В час дня, Ваше превосходительство (Васильев) - страница 28

Пока Надя готовила чай, Михаил Васильевич вспоминал:

— Отец мой говорил: слабый чай пить — это как немилую целовать.

А Надя плакала. Вместо настоящего чая в пачке оказался спитой, высушенный.

— Сухаревка! — подвел итог отец. — Не обманешь — не продашь.

— Ладно, — сказала Надя, — ешьте лепешки из картошки. Она немножко подморожена, поэтому лепешки сладкие. Зато горячие.
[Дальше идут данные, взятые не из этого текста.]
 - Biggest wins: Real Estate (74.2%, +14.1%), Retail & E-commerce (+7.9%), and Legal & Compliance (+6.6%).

На улице послышалась пальба, крик. Фрунзе приподнял занавеску.

— Анархисты опять шумят! Сегодня пытались особняк на Пречистенке занять. Мало у них особняков. Куда ни посмотришь, везде черные знамена.

— Только людей пугают, — добавила Надя. — Утром на Поварской, около олсуфьевского дома, бомбу бросили — дыму черного напустили. А сейчас, наверное, к нам на Прохоровку поскакали, склад готового товара грабить. И когда их, окаянных, утихомирят?..
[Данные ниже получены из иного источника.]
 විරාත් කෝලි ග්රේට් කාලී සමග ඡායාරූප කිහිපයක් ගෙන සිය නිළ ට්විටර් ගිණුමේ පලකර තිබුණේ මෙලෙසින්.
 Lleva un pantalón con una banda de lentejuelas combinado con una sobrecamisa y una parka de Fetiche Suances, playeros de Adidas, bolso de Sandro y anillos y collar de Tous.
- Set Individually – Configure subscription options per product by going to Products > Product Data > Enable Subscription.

Утром все вместе проводили Надю до угла Воздвиженки и Моховой, где в большом зеленом доме разместилась крестьянская секция ВЦИК. Надя работала там секретарем у председателя секции Спиридоновой.

У самого входа в дом они столкнулись с женщиной. У нее были тонкие темные брови, резко очерченный энергичный рот. Большой прямой нос придавал лицу неженскую суровость. Несмотря на морозное утро, она была без платка — густые волосы, расчесанные на прямой пробор, закрывали уши, оставив на высоком лбу открытым небольшой треугольник.
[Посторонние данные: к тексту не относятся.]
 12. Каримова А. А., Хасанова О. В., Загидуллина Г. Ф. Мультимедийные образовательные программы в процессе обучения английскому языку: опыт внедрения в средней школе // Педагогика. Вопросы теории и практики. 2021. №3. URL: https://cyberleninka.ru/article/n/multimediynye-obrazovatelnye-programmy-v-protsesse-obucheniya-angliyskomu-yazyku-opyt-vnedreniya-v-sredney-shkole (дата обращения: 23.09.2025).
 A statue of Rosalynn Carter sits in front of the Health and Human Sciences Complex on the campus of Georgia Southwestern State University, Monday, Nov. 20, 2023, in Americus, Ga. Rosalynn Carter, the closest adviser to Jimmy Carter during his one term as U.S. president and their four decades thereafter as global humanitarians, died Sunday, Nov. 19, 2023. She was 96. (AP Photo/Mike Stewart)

Фрунзе молча кивнул женщине. Она хмуро посмотрела на Михаила Васильевича, едва ответив на приветствие.

— Кто это? — спросил Андрей.

— Как кто? Моя Спиридонова! — ответила Надя. — Сейчас она мне всыплет, почему позже ее пришла.

Через несколько шагов отец, усмехнувшись, спросил:

— Что это она, Миша, на тебя чертом смотрит?

— А она на всех. Бешеная, когда не по ее получается.

На Большой Лубянке они расстались. Андрей крепко пожал руку Фрунзе:

— До свидания, Михаил Васильевич.

— Приезжай к нам в Иваново-Вознесенск…

Отец обнял Андрея:

— Он и к матери не может заглянуть. Приезжай, сынок. Мать истосковалась, да и Наташа с Петром ждут не дождутся.


1918-й, март

Когда-то верноподданный, благонамеренный, Его величество российский обыватель, теперь оглушенный, ошарашенный неожиданно нахлынувшим на него водопадом событий, растерялся.

Оставалось только беспредельно удивляться и возмущаться.

— Перво-наперво о жратве… Бывало, в Москве, в Охотном ряду, завсегда все было, все, что твоя душа захочет, — говядина, телятина, дичь разная, молоденькие поросеночки, розовенькие, миленькие такие, чистенькие! Куры, гуси, индейки, цыплята. «Вам которого-с? Вот энтова? Сей секунду! Печеночки телячьей не возьмете-с? Что вы, мадам, да у нас все свеженькое… Фазанчиков посмотрите! А вот, драгоценная, рябчики! Что-с? Требуете перепелочек? Ради бога, ваше сиятельство, — куропаточки! Утром еще по травке бегали… Желаете уточку? Пожалуйста…» А у Елисеева на Тверской! Господи ты боже мой, войдешь и поначалу даже обалдеешь, глаза разбегаются, забудешь, за чем пришел. Хотите, я вас сейчас убью? Одной, горчицы — семь сортов! Семь, в том числе — французская. И не какая-нибудь подделка, а самая настоящая, во французской баночке, с французской этикеточкой… А сейчас?